By Dan Bodine
Hee, hee! The old “Fools rush in…” meme was written especially for certain wild-eyed, yáhoo gardeners in the weather-change region of U.S. Desert Southwest — who grasp packets of plant seeds in early January in their makeshift greenhouses — shiny packets they got at a variety store month or so earlier, foolishly looking at a new, promising garden-year ahead. Oblivious to lessons of this region’s short springs.
Most of us are cognizant of those lessons, yes — it being but a tiny, largely suppressed awareness at this time, a flimsy reality, muted by a large Spring’s-a-coming excitement (as we carefully deposit seeds, say, into small potting containers).
The Real Reality of rooting seeds, though, in the Desert Southwest is a short spring that’s ahead of us in this zone, which usually means transplanting failures almost certainly lie ahead for us — when starting this late! But we didn’t listen to that tiny voice, though.
So…Hee, hee, fast-forward quickly now, Jethro! We’ve moved into the ground outdoors. The transplanted, tender roots on these new plants will not have sufficient time to “harden” enough — as protection against oncoming heat and drought they’re facing, even that barrelling down on ’em now already, with tomorrow predicted to be 98!
Say what, again!?
Jethro, my dear sidekick alter-ego, listen up! You know I’m talking to you!
Back in January, Tonto, there really wasn’t enough time left to root seedlings over the next couple of months (…ahem, Jethro, those we just got in the ground a few days ago, remember), for them to harden off — e.g., additional time needed outdoors once planted, to allow 2-3 weeks at least to acclimate, harden their roots some, before this oncoming heat assaults and destroys ’em! Entende?
In short, this short spring we’ve just had is just another of the bad quirks of living in the otherwise wonderful Desert Southwest! And it adversely affects us ol’ sleepy gardeners and our would-be plants! Capisce?
This compressed activity — e.g. growing plants to die — almost is like a discreet, annual ritual once sobriety sets into many people soon after the holidays, if truth be known. Or when clear-headedness rediscovers you, say, advising that the Holiday Season is over, finally.

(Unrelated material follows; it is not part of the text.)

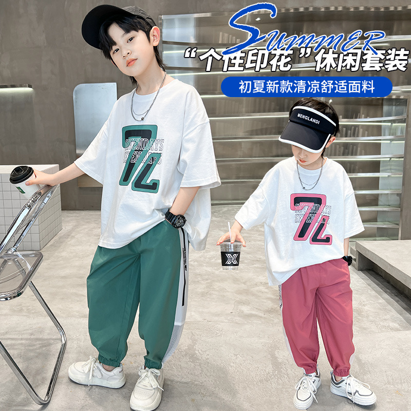 夏装新大男童短袖长裤套装童装儿童男孩t恤两件套潮酷个性童套装

Not long afterward, of course, it becomes an I-gotta-do-this-thing feeling, the first of a long line of wannabe spiritual payments to the Christmas Season’s passage, say, for which for various reasons has left you spiritually indebted — and you having dragged them over from the old year into this a New Year.

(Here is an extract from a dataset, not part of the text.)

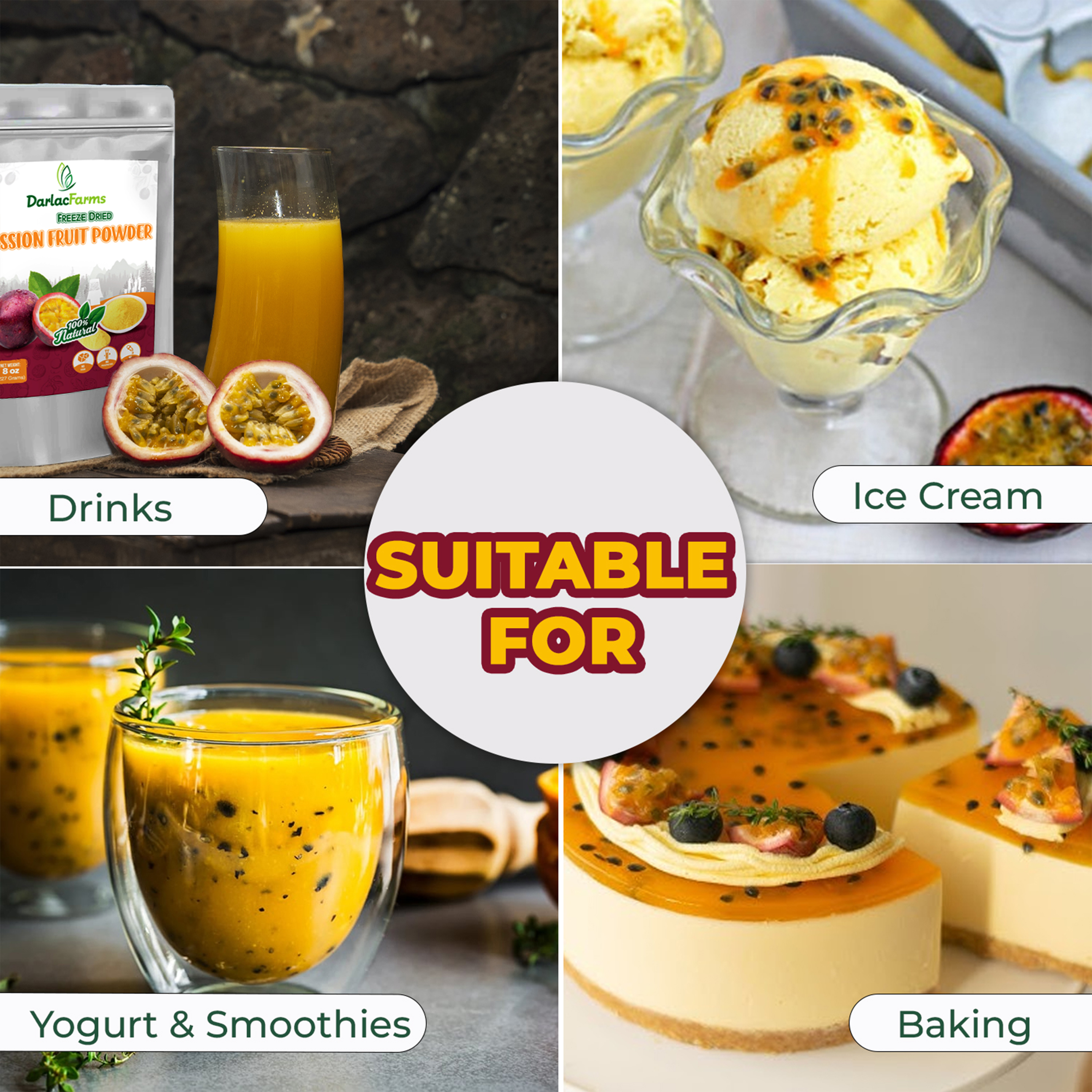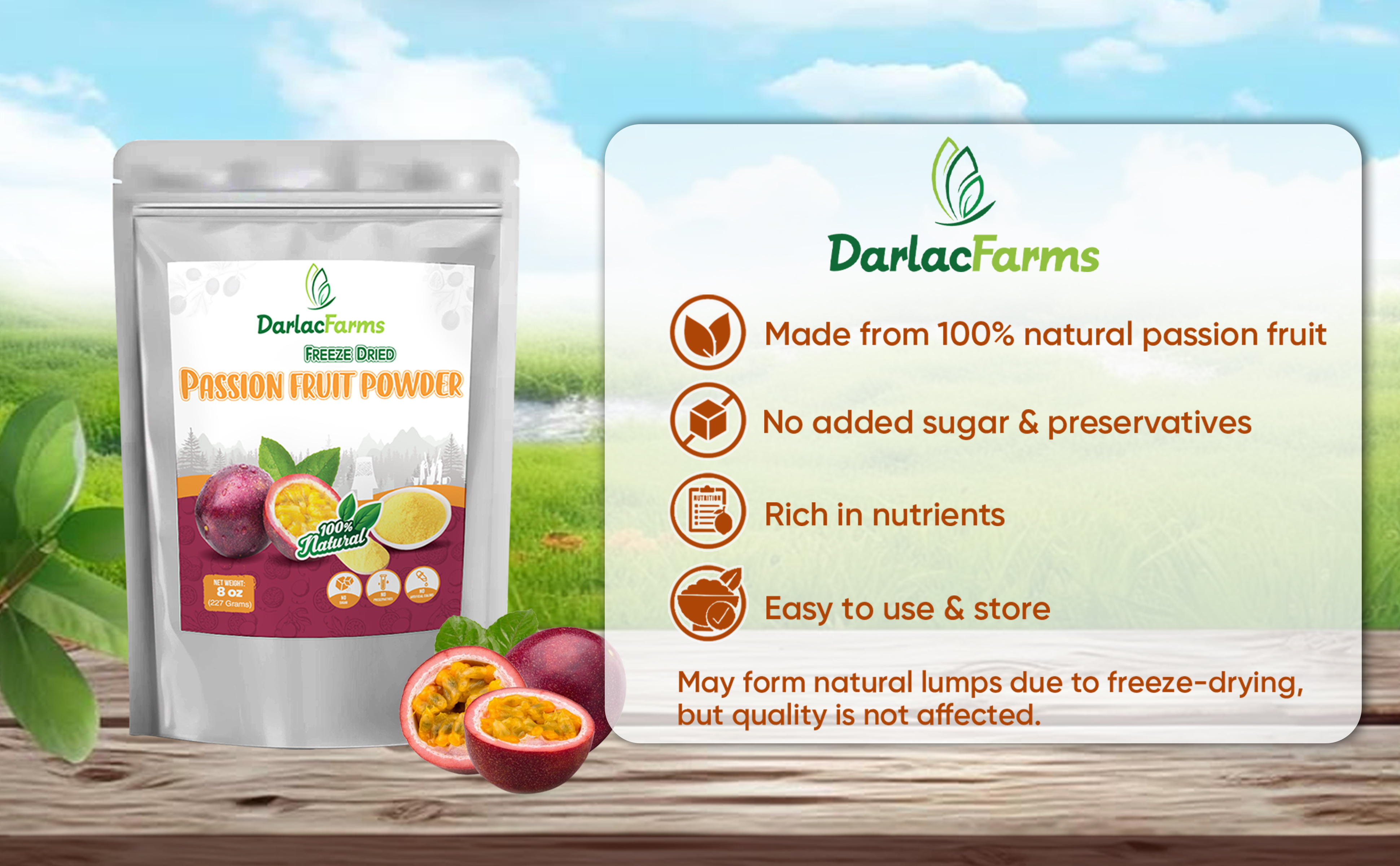 Bột chanh dây sấy thăng hoa được sản xuất từ những trái chanh dây chín tự nhiên, tuyển chọn kỹ lưỡng và xử lý bằng công nghệ sấy thăng hoa hiện đại. Quy trình này giúp giữ trọn hương vị chua ngọt đặc trưng, màu sắc tự nhiên cùng các dưỡng chất quý giá như vitamin C, chất chống oxy hóa và khoáng chất. Sản phẩm có kết cấu mịn, dễ hòa tan, phù hợp cho ngành thực phẩm, đồ uống, dinh dưỡng và mỹ phẩm thiên nhiên.

By gawd I’ll create a beautiful world for God! is the usual yáhoo initial response!
And it’s done unaware — or unmindful of, rather — that this sudden burst of energy to manifest God’s splendor in your own little back garden (surreptitiously for repentance), is the same ol’ song-‘n-dance routine that springs up in your throat almost every January like this:
Oh these seeds, I wanna Grow, I wanna Grow!

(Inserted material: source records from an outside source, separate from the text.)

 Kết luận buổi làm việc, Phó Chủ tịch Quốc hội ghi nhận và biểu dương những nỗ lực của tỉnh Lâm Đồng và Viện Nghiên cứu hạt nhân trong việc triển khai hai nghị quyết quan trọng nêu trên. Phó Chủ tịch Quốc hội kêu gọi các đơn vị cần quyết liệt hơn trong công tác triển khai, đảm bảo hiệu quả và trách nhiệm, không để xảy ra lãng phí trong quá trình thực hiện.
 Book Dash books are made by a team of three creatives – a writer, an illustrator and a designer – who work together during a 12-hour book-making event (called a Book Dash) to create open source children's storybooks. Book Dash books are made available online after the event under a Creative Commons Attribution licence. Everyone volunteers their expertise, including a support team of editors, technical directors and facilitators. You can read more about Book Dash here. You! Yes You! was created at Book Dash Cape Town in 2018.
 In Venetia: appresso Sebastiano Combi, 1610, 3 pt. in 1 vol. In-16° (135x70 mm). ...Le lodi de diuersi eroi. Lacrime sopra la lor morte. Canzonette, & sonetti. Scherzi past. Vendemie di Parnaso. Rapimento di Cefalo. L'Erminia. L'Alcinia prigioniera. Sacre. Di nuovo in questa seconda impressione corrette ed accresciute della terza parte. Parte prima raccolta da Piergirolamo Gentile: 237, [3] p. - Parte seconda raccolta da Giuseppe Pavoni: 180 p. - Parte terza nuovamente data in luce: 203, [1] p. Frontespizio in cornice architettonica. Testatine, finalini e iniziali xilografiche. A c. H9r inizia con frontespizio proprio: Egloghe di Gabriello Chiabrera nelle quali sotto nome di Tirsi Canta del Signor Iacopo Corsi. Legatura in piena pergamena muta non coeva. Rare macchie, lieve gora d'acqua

Forget the fact you should’ve started earlier — during the Christmas rush, say! For 8-10 weeks later in the Desert Southwest, with temperatures in El Paso suddenly mid to upper 90s already now, i.e. — you’ve realized your foolishness!
The song’s the same, but it’s a different verse:
But seems just yesterday there was Snow, Snow!
Cold weather of mid to late February or early March in El Paso Tx.’s mountains quickly changes to simmering heat by early May — meaning recently set-out bedding plants (from my unofficial calculations) have less than 20% chance of surviving even this month — much less the hot heat of June, July, and August! OK?
This realization that’s begun like an ol’ worm turning over in your stomach, springs quickly to your throat. And then you see the situation you’re in. And, of course, panic strikes! You started your seeds too damn late again!
“There’s no shade anywhere to set these little plants — to protect ’em?!?” is your first thought.
And then, for me, routinely it’s clearly time to lash out at that separate, alter-ego urchin inside, and git that blame offa ‘ya! So…
“And you’ve adopted these plants ’til death-do-us-part, right, Jethro Bonehead Bodeen?!”
Maybe you’re not even aware you’re grilling yourself — scrambling to deflect wasted time and effort of growing young, tender plants (to then kill ’em) onto this alter ego — for panic of what mid-to-late May heat actually means has set in on you, big-time.
Jethro, that low-down scoundrel, is slower than thick molasses usually — but, too, I know full-well he’ll throw the first thing back at you that comes to his mind. I was almost to the point of even regretting I’d asked the question this time when he hurled this back at me:
“Well, what else can ‘ya expect from a greenhorn flatlander!?? Huh? … Next year, we’ll get ’em, right!!!”
“Uh…Not so fast!… Let’s see how much of ’em we can save.”
“Oh! …This again; this year, too, huh…?”
And thus the new Garden Year begins! Have a good one everyone!
NOTE TO SUBSCRIBERS: Apologies for not having posted more, dear readers! Health problems continue, of course. But I’m a long way from next-in-line yet, I feel, with this disease. So with the hard part of gardening tapering off, look for more of me on the writing end in coming months. And thanks, again, for being here!